Jo Wilson is a Scottish television presenter who currently works for Sky Sports News.

Career
Wilson started as a Graduate Trainee at Sky Sports News in 2011, before becoming a sub editor then getting promoted to co-producer. This led her to making her screen debut as a presenter on Sky Sports News in 2015.

Education
Wilson graduated from Glasgow Caledonian University with a Masters in journalism in 2011. During her studies Wilson worked at Pizza Hut in Stirling.

Personal life
As a sprinter and a jumper, Wilson represented Perth and her county. Receiving an athletics scholarship when she was 17, she spent a year at a Stony Brook High School in New York doing athletics and basketball.
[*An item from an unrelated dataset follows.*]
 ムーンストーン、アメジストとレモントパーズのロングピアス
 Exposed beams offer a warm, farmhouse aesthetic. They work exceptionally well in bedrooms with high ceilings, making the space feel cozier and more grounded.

She supports St Johnstone F.C. Wilson saw her first match at McDiamid Park aged 7 in November 1992 against Motherwell, the game was abandoned at half time because of snow. On 23 September 2020, Wilson gave birth to a daughter. Wilson returned to Sky Sports News on 20 April 2021, after being on maternity leave for 13 months due to COVID-19 restrictions.

On 5 September 2022, Wilson announced that she had been diagnosed with stage III cervical cancer following a recent smear test.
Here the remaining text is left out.